Assigned task: Beginning at the line containing "COFFEE ONE SIZE" in the material below and ending at the line containing "欧美个性潮流棋盘格印花牛仔裤女 2025秋季新款高腰宽松阔腿裤女", return each line exactly and add nothing.

Data extracts:
━━━━━━━━━━━━━━━━
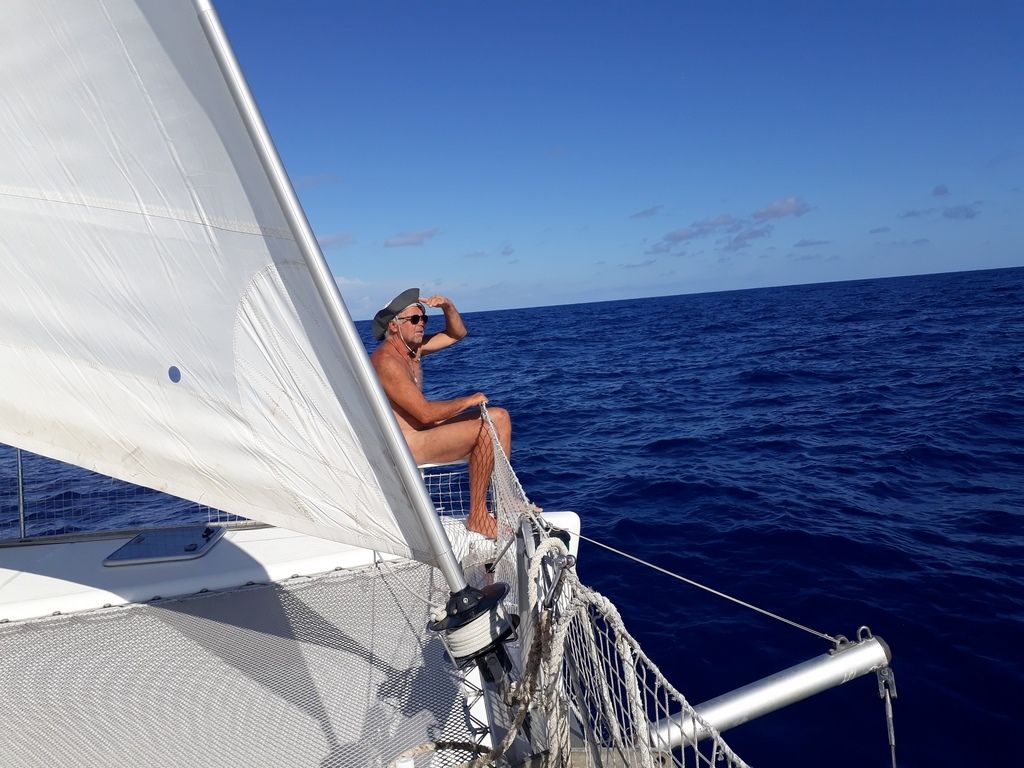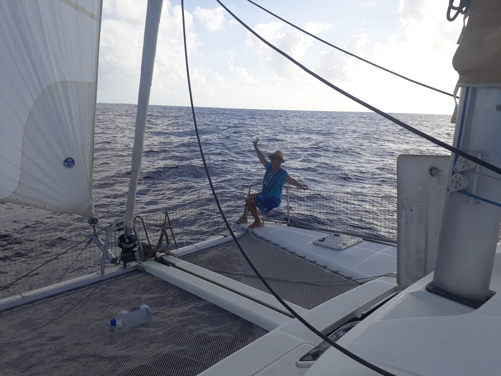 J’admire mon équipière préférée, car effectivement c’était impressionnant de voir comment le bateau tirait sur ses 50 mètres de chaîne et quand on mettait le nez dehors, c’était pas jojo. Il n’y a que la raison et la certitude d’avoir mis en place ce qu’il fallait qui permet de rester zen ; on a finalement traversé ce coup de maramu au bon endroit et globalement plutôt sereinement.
━━━━━━━━━━━━━━━━
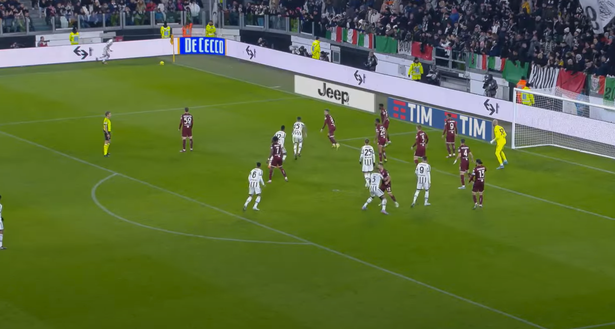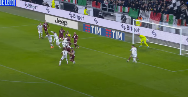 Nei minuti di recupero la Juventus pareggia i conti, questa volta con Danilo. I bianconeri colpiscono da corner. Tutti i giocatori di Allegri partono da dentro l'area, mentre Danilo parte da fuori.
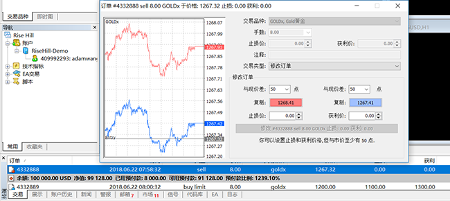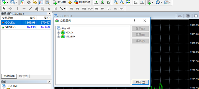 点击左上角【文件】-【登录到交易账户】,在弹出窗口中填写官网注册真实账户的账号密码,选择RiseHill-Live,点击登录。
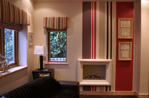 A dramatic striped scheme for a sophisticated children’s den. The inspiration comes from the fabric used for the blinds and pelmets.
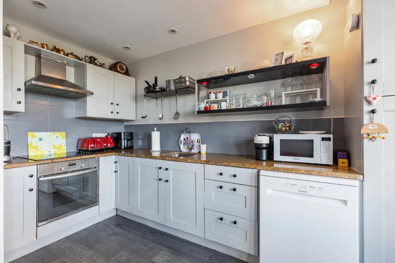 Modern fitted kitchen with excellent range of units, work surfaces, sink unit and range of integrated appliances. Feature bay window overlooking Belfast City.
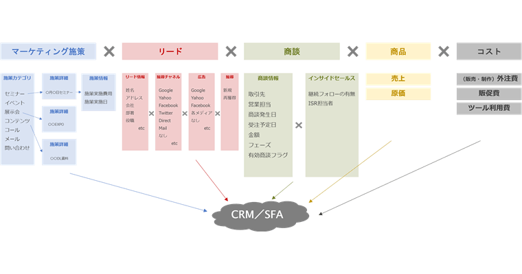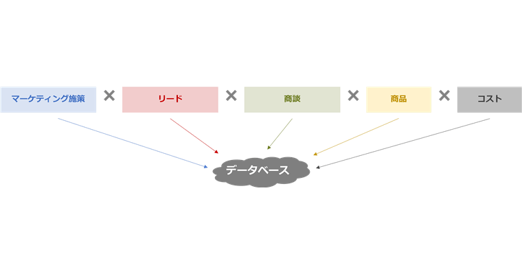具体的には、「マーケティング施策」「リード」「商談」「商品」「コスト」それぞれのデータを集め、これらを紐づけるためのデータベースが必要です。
━━━━━━━━━━━━━━━━
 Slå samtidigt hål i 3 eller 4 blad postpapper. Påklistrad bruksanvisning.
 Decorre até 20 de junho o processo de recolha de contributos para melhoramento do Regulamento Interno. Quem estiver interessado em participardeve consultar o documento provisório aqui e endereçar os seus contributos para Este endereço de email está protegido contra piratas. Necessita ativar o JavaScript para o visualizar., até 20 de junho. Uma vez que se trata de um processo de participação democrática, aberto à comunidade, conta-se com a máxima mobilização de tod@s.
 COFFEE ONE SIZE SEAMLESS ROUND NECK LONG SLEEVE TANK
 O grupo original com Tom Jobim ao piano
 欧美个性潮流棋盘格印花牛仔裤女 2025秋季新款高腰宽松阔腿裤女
━━━━━━━━━━━━━━━━
Solution for this problem:
 COFFEE ONE SIZE SEAMLESS ROUND NECK LONG SLEEVE TANK
 O grupo original com Tom Jobim ao piano
 欧美个性潮流棋盘格印花牛仔裤女 2025秋季新款高腰宽松阔腿裤女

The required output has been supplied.